The challenges Sir John Beddington set out as priorities in his recent Foresight Report into world food security included balancing future demand and supply sustainably; ensuring adequate stability in food supplies; achieving global access to food and ending hunger; mitigating climate change; and maintaining biodiversity while feeding the world.


I agree. I came to almost identical conclusions in a paper (summarised in Farmers Weekly) on the same subject more than three years ago.

All that’s happened in the interim is that the problems have become more acute and decisive action to deal with them more urgent. Meanwhile, the world is in a financial crisis, which will cause even more delays.

The fact that here in the West, supermarket shelves are still fully stocked, even though prices are higher, allows the luxury of inaction.

But as I suggested in my paper and the Foresight Report confirmed, it may already be too late to initiate the research and innovative systems that could avoid further hunger, food riots and possibly worse.

Crop yields, milk production and the like cannot be increased exponentially overnight. “Just in time” doesn’t apply with biology. It takes years and it takes investment. It also requires a stable trading environment in which farmers can work with confidence that their production will earn a viable return. Volatility is not a recipe for stable production or steady food prices.

But that is exactly what we have at present. According to DEFRA’s Farm Business Income forecasts, published last month, dairy farmers can expect a drop of 24% in their incomes during the trading year 2010-11. Grazing livestock farmers in less favoured areas will see their incomes decrease by 33%, with lowland graziers down by 48%.

Poultry farms could see a fall of 6% year-on-year, but be down 50% compared with 2007-08. Pig farmers face a drop of 66% because of higher feed costs and lower prices.

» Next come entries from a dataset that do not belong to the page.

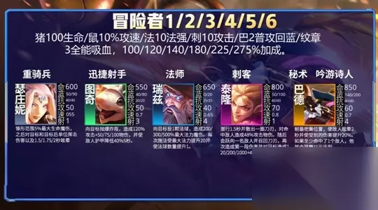 3、冒险者 猪100生命/老鼠10%攻速/法10法强/刺10攻击/巴2普攻回蓝/纹章3全能吸血,100/120/140/180/225/275%加成。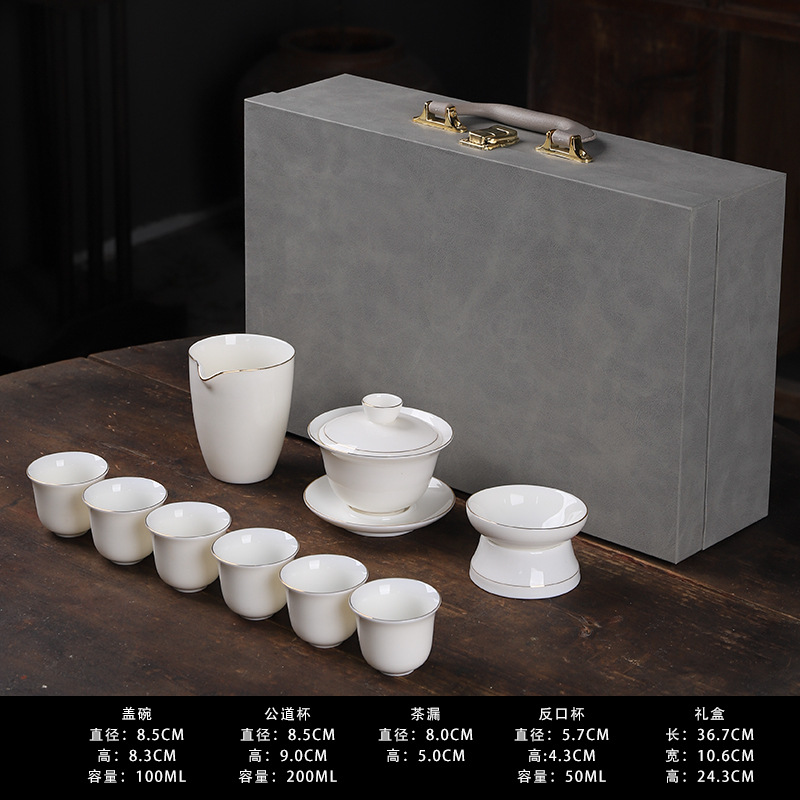 羊脂玉茶具白瓷纯白茶具德化玉瓷功夫茶具批发轻奢礼盒装logo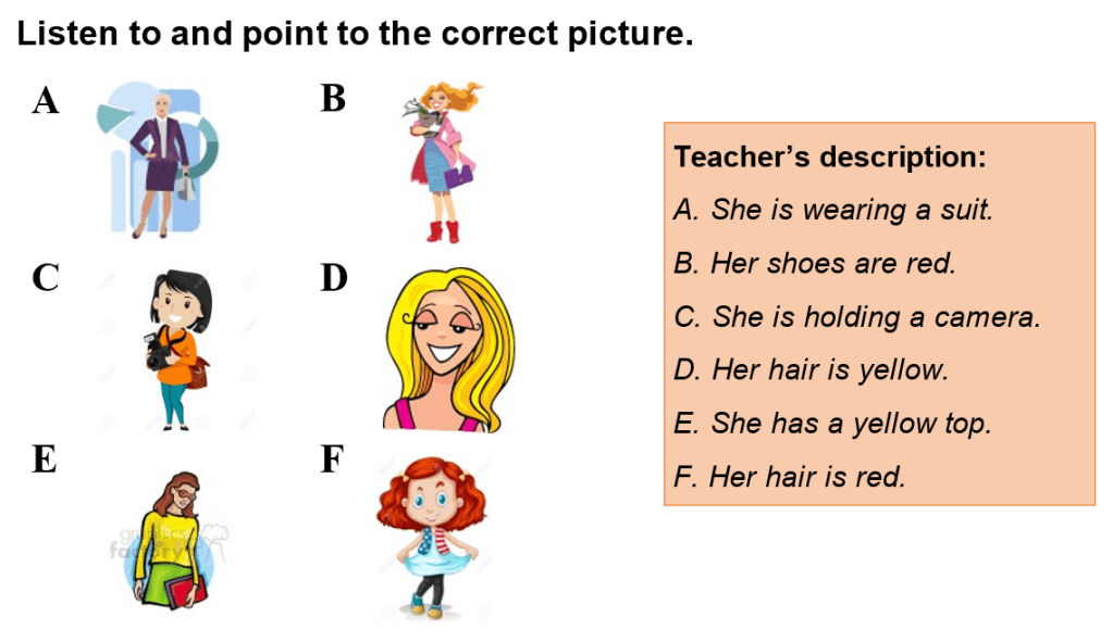 Learners at the initial stage of their language learning process must go through a silent period, just like babies keep silent until they first utter an intelligible sound. This does not mean they do not learn language. Instead, they learn it receptively, processing the language and storing information. Similar to how a baby may react non-verbally to something around, tasks for low-level learners, particularly complete beginners, should not ask them to produce the language but show how they have processed it through non-verbal media. Professor Rod Ellis even emphasized that for these low-proficiency learners, the PPP approach, which is now very prominent in the Vietnamese teaching context, is relatively less effective. I would say it is less suitable since students need to have enough language input before reaching the production stage – the last P. The example of Professor Rod Ellis has been adapted into the following picture. Students must listen to the teacher’s sentences and point to the correct picture.

Cereal farmers, on the other hand, could be 73% better off in 2010-11 following a 34% fall during 2009-10. Moreover, during that year, many would have lost money without their single farm payments (SFP). Who knows how long current grain prices will last?

As a major grain buyer said to me the other day: “You may regret seeing £200/t for feed wheat. Consumers will remember it and throw it in your faces after values drop. And few growers have averaged more than £130-140/t anyway because they sold on the way up from £90/t.”

I suspect DEFRA secretary Caroline Spelman was also thinking of current wheat prices when she called for “very substantial cuts” in the CAP budget. If so, she was forgetting the livestock sector and its high feed costs. And she was being inconsistent with her professed support of the Foresight Report.

The fact is our industry needs a safety net to even out some of that volatility and keep production flowing. I don’t like the decoupled SFP system, but it’s what we’ve got and it must not be ditched until there’s something better available. I would prefer the US system of countercyclical aid, where aid is reduced when market prices are high and increased when they are low. That could provide the kind of stability we need. But it’s not on offer.

However, failure to retain adequate stabilising support would cut production and domestic food security still further.

Yes, we have the cash to import more but that would exacerbate hunger in developing countries – something the Foresight Report also sought to avoid.

It’s not taken long for Mrs Spelman to adopt the DEFRA dogma.

David Richardson farms about 400ha (1000 acres) of arable land near Norwich in Norfolk in partnership with his wife, Lorna. His son, Rob, is farm manager.